Melatonin is a circadian rhythm synchroniser (Pfeffer et al., 2018) and disruptions in melatonin levels are linked to sleep disorders and chronic sleep deprivation (Zisapel, 2018). Sleep deprivation is a pervasive problem throughout society. A wide variety of reasons contribute to this problem such as: stress, prevalence of shift work, and prolonged working hours due to the advent of artificial light. In the short-term, sleep deprivation is associated with negative effects on memory, psychomotor skills, attention, and hyperalgesia (Zeitlhofer et al., 2000; Hoevenaar-Blom et al., 2011; Krause et al., 2019).

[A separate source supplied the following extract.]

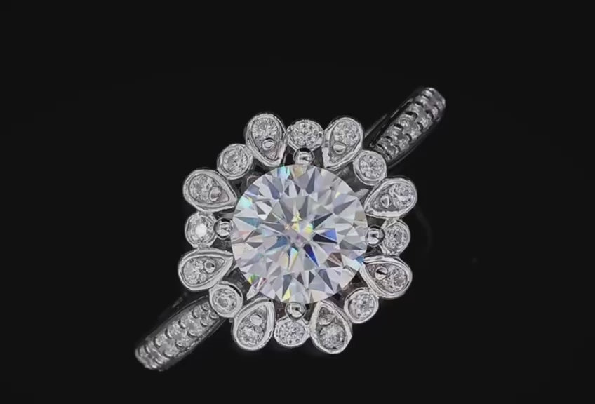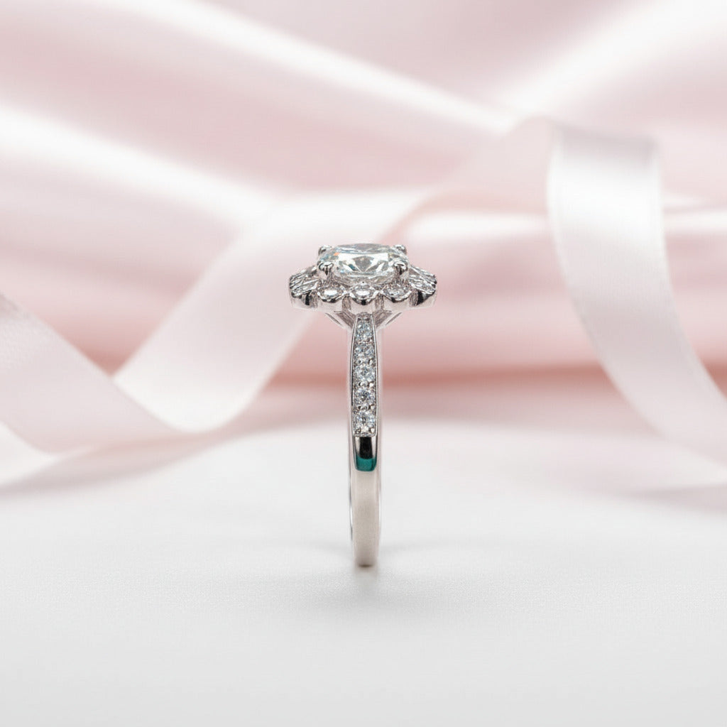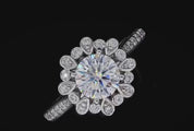 White Gold Sunflower 1.2ct Diamond Halo Engagement Ring

Sleep deprivation is associated with a number of negative health repercussions, including suppression of the immune system (Dinges et al., 1995), acceleration of atherosclerosis (McAlpine et al., 2019), increased risk of developing obesity (Cappuccio et al., 2008), and development of certain cancers (Blask, 2009) (e.g., breast, Hansen, 2001; Mirick et al., 2001; Schernhammer et al., 2001, 2006), prostate (Kubo et al., 2006), endometrial (Viswanathan et al., 2007), and colorectal cancer (Schernhammer et al., 2003). In addition, one night of acute sleep deprivation is sufficient to increase DNA damage in otherwise healthy young adults (Cheung et al., 2018). DNA damage, particularly double strand breaks, are especially hazardous to the genome. Disrepair upon replication leads to cell death, whilst misrepair can result in inappropriate end-joining events, which commonly underlies tumour development. As melatonin is a potent free-radical scavenger and powerful combatant against oxidative stress-induced damage, maintenance of optimal melatonin levels may be protective against DNA damage. This may be achieved through one or several of melatonin’s known protective pathways such as: inhibiting pro-oxidative enzymes, activating antioxidant enzymes, and/or promoting DNA repair mechanisms.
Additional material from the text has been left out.